***** Input records *****
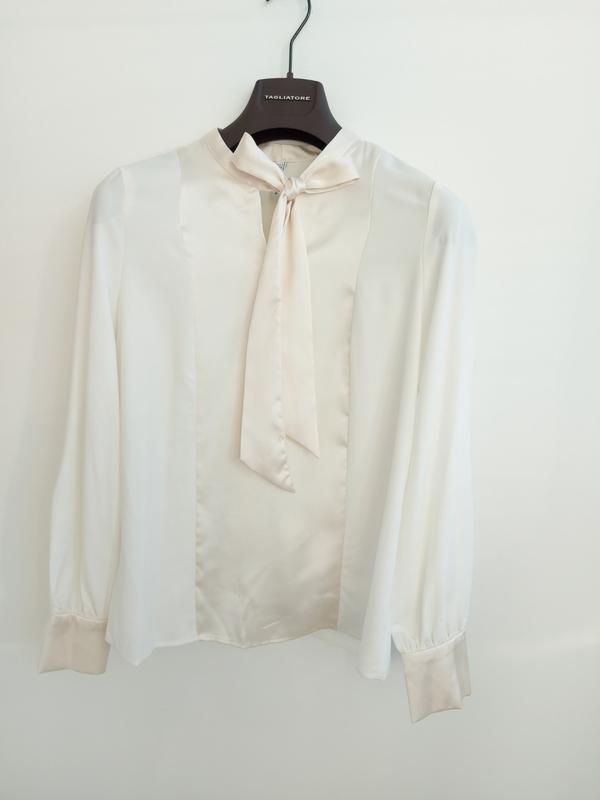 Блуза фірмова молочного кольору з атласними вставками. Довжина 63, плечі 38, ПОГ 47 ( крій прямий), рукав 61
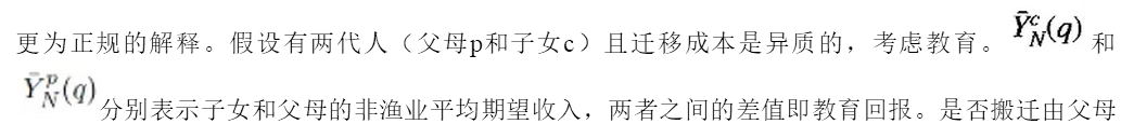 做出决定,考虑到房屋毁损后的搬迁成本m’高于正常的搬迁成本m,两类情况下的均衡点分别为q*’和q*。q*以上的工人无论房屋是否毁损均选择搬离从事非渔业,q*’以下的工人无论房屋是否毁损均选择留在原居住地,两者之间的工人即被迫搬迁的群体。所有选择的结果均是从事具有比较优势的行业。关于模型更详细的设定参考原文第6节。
*****
***** Input records *****
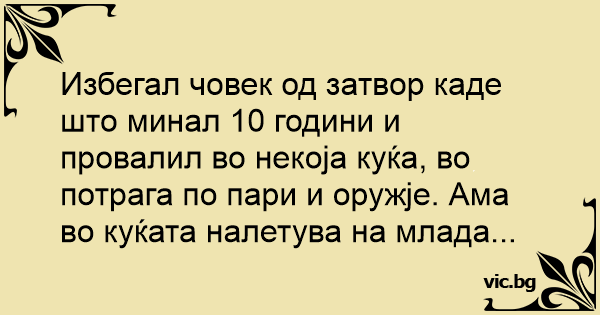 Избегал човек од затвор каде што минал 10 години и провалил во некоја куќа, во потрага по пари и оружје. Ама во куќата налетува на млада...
*****
→ What is needed
Retype, exactly and with no pictures, everything above from the line with "Блуза фірмова молочного" down to the line with "做出决定,考虑到房屋毁损后的", both included.

→ Exercise result
 Блуза фірмова молочного кольору з атласними вставками. Довжина 63, плечі 38, ПОГ 47 ( крій прямий), рукав 61
 做出决定,考虑到房屋毁损后的搬迁成本m’高于正常的搬迁成本m,两类情况下的均衡点分别为q*’和q*。q*以上的工人无论房屋是否毁损均选择搬离从事非渔业,q*’以下的工人无论房屋是否毁损均选择留在原居住地,两者之间的工人即被迫搬迁的群体。所有选择的结果均是从事具有比较优势的行业。关于模型更详细的设定参考原文第6节。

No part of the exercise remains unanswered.